An extract has been used in the industry-standard limulus amebocyte lysate (LAL) contamination test since the 1970s -- replacing a rabbit-based system. Forty-five minutes of exposure to the crab's blood is enough to reveal endotoxins from gram-negative bacteria which otherwise avoid detection, and is sensitive enough to isolate a threat the equivalent size of a grain of sand in a swimming pool. The U.S. Food and Drug Administration (FDA) requires that intravenous drugs and any medical equipment coming in contact with the body must first pass through the crab's blood, from needles to surgical implants including pacemakers. As a result, thousands more of us survive such procedures.

Too bad they haven't figured out how to make it synthetically yet.

I wonder if horseshoe crabs have an alien abduction narrative in their culture.  :-)

That boat is then brought to shore and the process speeds up as the precious Horseshoe crabs are always returned to the ocean on the same day that they are captured. The crabs are placed inside of a dark, damp, enclosed vehicle and moved to the lab's facility. There, workers remove barnacles, sand and other debris on the shells in order to check for injuries or other obvious ailments. Any injured crabs don't move on to the next step for fear that they will be killed in the process.

Every healthy crab is folded in half at its hinged carapace and strapped to a metal bleeding table. There, a stainless steel needed is pushed into each one, piercing "the pericardium to drain the oxygenated blood that's on its way to the heart," according to Wired. "About 100 milliliters of blood drains into a sterilized bottle."

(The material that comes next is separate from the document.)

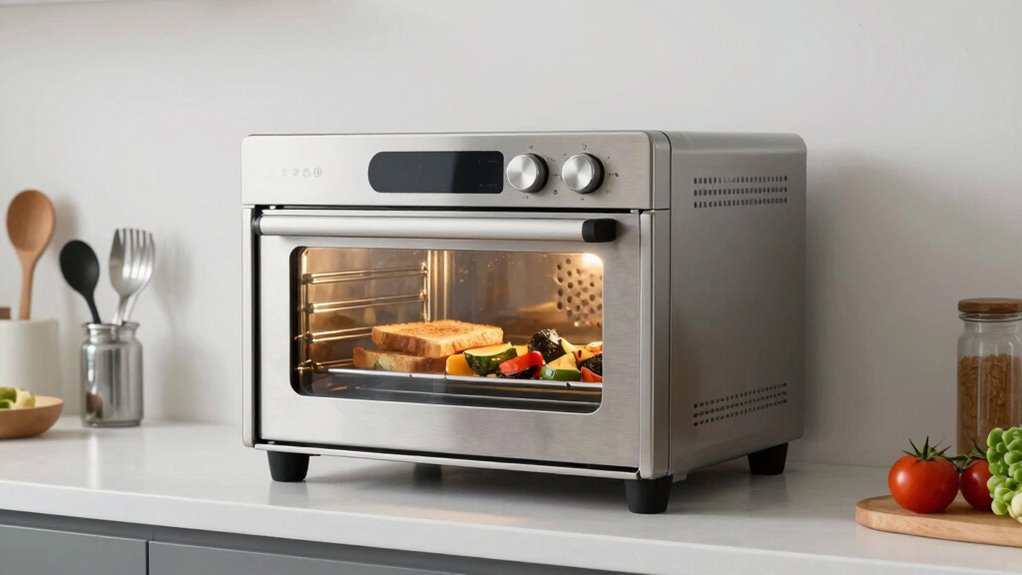 You’re in luck! Single-door countertop ovens are surprisingly energy-efficient, making them perfect for saving on electricity bills. They focus heat precisely where needed, boosting energy savings and reducing waste. Plus, their simple design often means better appliance longevity. So, if you’re after a compact, cost-effective, and eco-friendly cooking companion, these ovens deliver, helping you stay green and save money without sacrificing performance.

Once the bleeding is completed, the crabs are released far from where they were caught so that they aren't scooped up and re-bled before they have enough time to regenerate what has already been lost. Work, though, continues in the lab, where the powder-blue blood has to be spun in a centrifuge so that the desired elements can be isolated. The LAL, once siphoned off and bottled, is worth about $15,000 per quart.

Wow, that does sound like alien abduction!

I can see how it's valuable enough for someone to work on a synthetic version.

But I guess scientists are nowhere near that yet.